#### TASK DETAILS:
From the line containing "本网讯(校工会 杜智能)3月" down to the final line of the entries below, quote every line verbatim. Exclude pictures.
STORED DATA: Begin
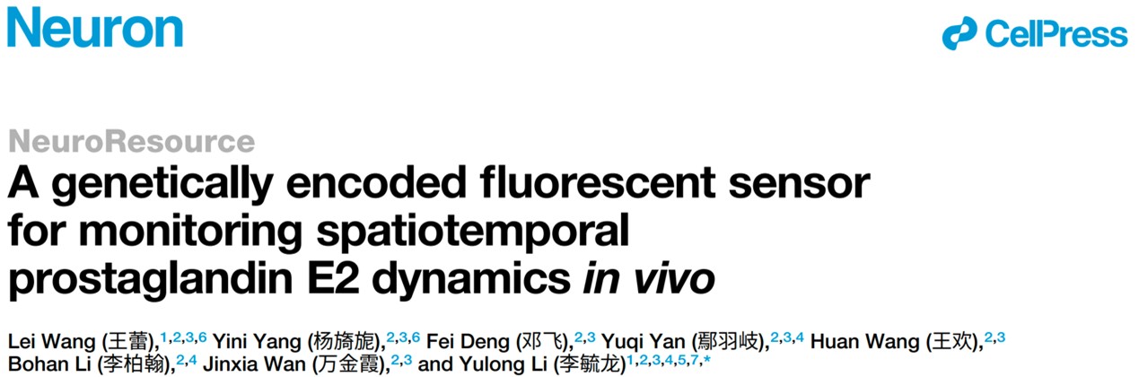 2026年3月13日,北京大学生命科学学院李毓龙教授团队在Neuron杂志上发表了题为“A genetically encoded fluorescent sensor for monitoring spatiotemporal prostaglandin E2 dynamics in vivo ”的研究论文。该研究成功开发了首个用于检测前列腺素E2(PGE2)的遗传编码荧光探针GRABPGE2-1.0,并借助大视场成像技术,首次观察到了PGE2在炎症状态与癫痫发作时“一慢一快”的响应,深入揭示了大脑在这两种不同病理条件下PGE2释放的时空动态差异。李毓龙实验室长期致力于发展神经递质和神经调质荧光探针,这也是该团队继成功开发单胺类、胆碱类、嘌呤类、神经肽及内源性大麻素探针后,在脂质信号分子检测技术领域取得的又一重要突破。
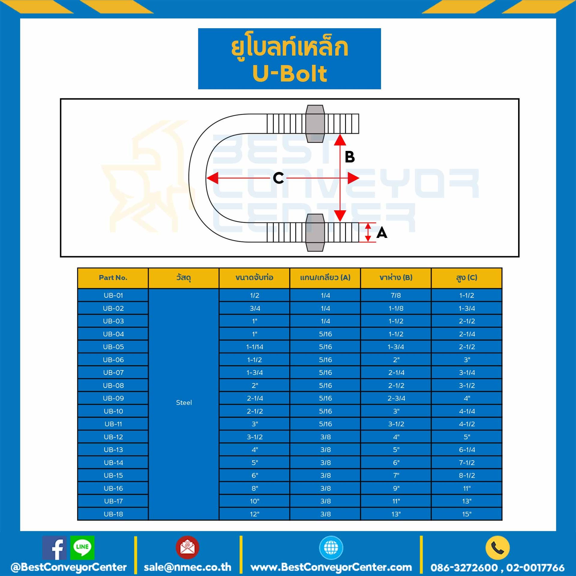 UB-09 ยูโบลท์เหล็ก พร้อมหัวน๊อต 2 ตัว ขนาด 2-1/4 แกน 5/16
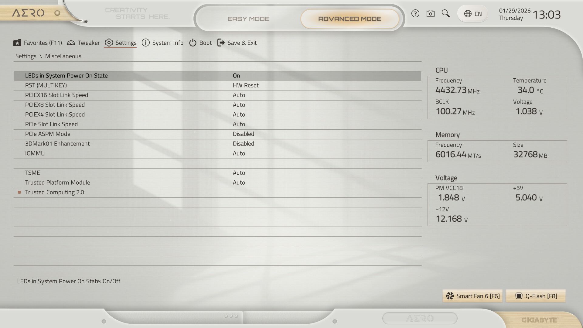 В плане железа Aero X3D обладает всем, что можно ожидать от платформы X870E. Поддержка современных (и будущих) процессоров, поддержка высокоскоростной памяти (до DDR5-9000), большой объем хранилища с четырьмя разъемами M.2 (два из которых — PCIe 5.0) и четырьмя портами SATA, быстрая сеть с двумя портами 5 Гбит/с и Wi-Fi 7, множество портов USB (включая два порта USB4 40 Гбит/с) и надежное аудиорешение — это лишь некоторые из особенностей этой уникально оформленной платы.
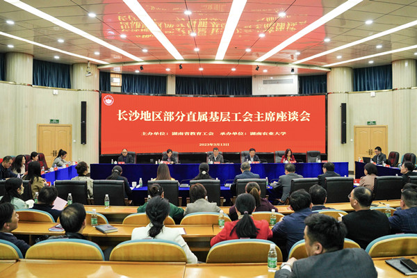 本网讯(校工会 杜智能)3月13日下午,长沙地区部分直属工会主席座谈会在生科楼国际会议厅召开,湖南省总工会党组成员、省教育工会主席候选人刘湘凌,省教育工会副主席候选人邓曼,校党委书记陈弘,校党委委员、副校长张立,长沙地区部分直属工会主要负责人出席,湖南省教育工会相关人员,学校各部门工会主席,校工会全体工作人员参加座谈。
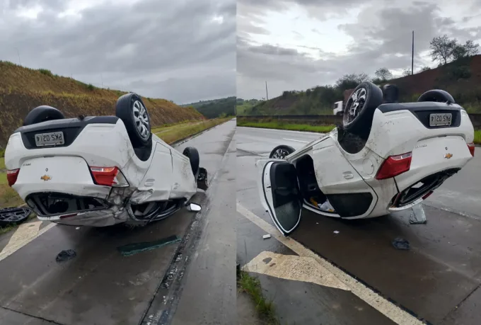O carro parou fora da pista, totalmente virado, com as quatro rodas para cima. Ainda não há informações oficiais sobre o que teria provocado o acidente.
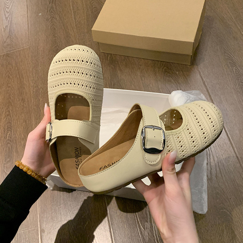 品牌真皮包头半拖鞋女2025夏新款厚底增高软底轻便网面透气凉拖鞋
STORED DATA: End
#### THE ANSWER:
 本网讯(校工会 杜智能)3月13日下午,长沙地区部分直属工会主席座谈会在生科楼国际会议厅召开,湖南省总工会党组成员、省教育工会主席候选人刘湘凌,省教育工会副主席候选人邓曼,校党委书记陈弘,校党委委员、副校长张立,长沙地区部分直属工会主要负责人出席,湖南省教育工会相关人员,学校各部门工会主席,校工会全体工作人员参加座谈。
O carro parou fora da pista, totalmente virado, com as quatro rodas para cima. Ainda não há informações oficiais sobre o que teria provocado o acidente.
 品牌真皮包头半拖鞋女2025夏新款厚底增高软底轻便网面透气凉拖鞋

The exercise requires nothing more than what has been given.